Bankole: Rep. Cummings’ death creates challenge for black community

Tributes have been pouring in for the late 68-year-old Baltimore Congressman Elijah Cummings, the bold and courageous leader, whose sudden death last week left a gap not only in Congress, but across black America.
Cummings, who was chairman of the powerful House Oversight and Reform Committee, has been an indefatigable voice seeking to tear down the walls of social injustice not only in his district but also across the country.
In Congress, he almost single-handedly championed Flint's cause during the water crisis. He uplifted the poor.
When he first got to Congress in 1996, he vowed that he was there to empower people and give those who are often sidelined on the most crucial issues a voice to be heard.
His death is felt more in the black community, and there’s a reason for that. In these strange and challenging times, few blacks in elected office — whether local or national — use their positions to push persistently for equality the way Cummings did.
During a commencement address at Morgan State University in May, Cummings told graduates how his humble beginnings led him to travel the long road of freedom.
“You’re not hearing this from someone who grew up with a silver spoon. I didn’t even have a plastic one,” he said.
Yet Cummings ended up becoming a prominent member of the black aristocracy, the ruling class in the black community, often the ones deemed qualified to hold elected office because of their exceptional capabilities.
Still, Cummings did not disappoint the race, and his life was a forceful response to the biblical admonition: “To whom much is given, much is required.”
Cummings’ life of public service was a remarkable and breathtaking response to the longstanding challenge that W.E.B. Du Bois, the 20th century black scholar and champion of equality, handed down in his writings.
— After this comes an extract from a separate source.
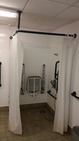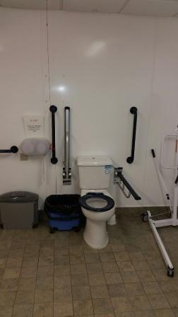 FACILITIES: Bench – Height Adjustable, Adult Sized, Free Standing | Hoist – Mobile | Peninsular Toilet | Non-Slip Floor | Floor Space (sq. m) – 10 | Emergency Alarm | Privacy Screen | Paper Roll | Radar Key | Managed | Locked Accessible Shower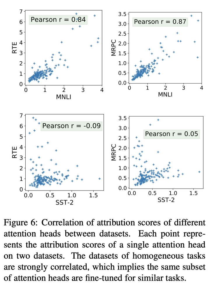 那么,对于不同任务和数据集(或者说领域 domain),这种重要性是否一致?本文也进行了相关性分析,从下图中可以看到,RTE、MRPC 和 MNLI 都具有很大的相关性,RTE、MRPC 和 SST-2 相关性很低,而 RTE、MRPC 和 MNLI 都是 2 句分类的任务,区别在于一个和 MNLI 是同领域,一个不同,而 SST-2 是单句分类任务。

Du Bois emphasized the need for the black political and economic elites to step up and fight for the masses of poor blacks who are caught in a tangled web of economic instability.
“The better classes of negroes should recognize their duty toward the masses. They should not forget that the spirit of the twentieth century is to be the turning of the high toward the lowly, the bending of humanity to all that is human, the recognition that in the slums of broken society lie the answers to most of our puzzling problems,” Du Bois said.
The difficulty and the seemingly lack of progress in the wider black community has always been a lack of clear political and economic strategy to advance the interest of blacks. Too often, those with the platforms and the resources to make the case for economic justice, have ventured away from their own roots.
There are few voices like Cummings, who like Du Bois has been insistent on making the moral and political case against the kind of political and social oppression that is all too familiar in the black community.
Obviously Du Bois understood that those in the ranks of the black community who have done well for themselves have an inescapable responsibility to fight the issues that perpetuate class stratification.
That is why the absence of Cummings underscores why in places like Detroit, Benton Harbor, Flint and other urban cities where poverty remains the dominant issue, the demand for the black aristocrats to rise up to the challenge of inequality is even more sobering.
“We are at a crossroads. At 68, I have now lived longer than I will live. Your lives are in front of you, and so I beg you to go out and stand up for this democracy,” Cummings told Morgan State University students.
And like other towering black figures, he has joined the ancestors and we will remember how he took center stage in the quest for racial justice. The challenge now is ours.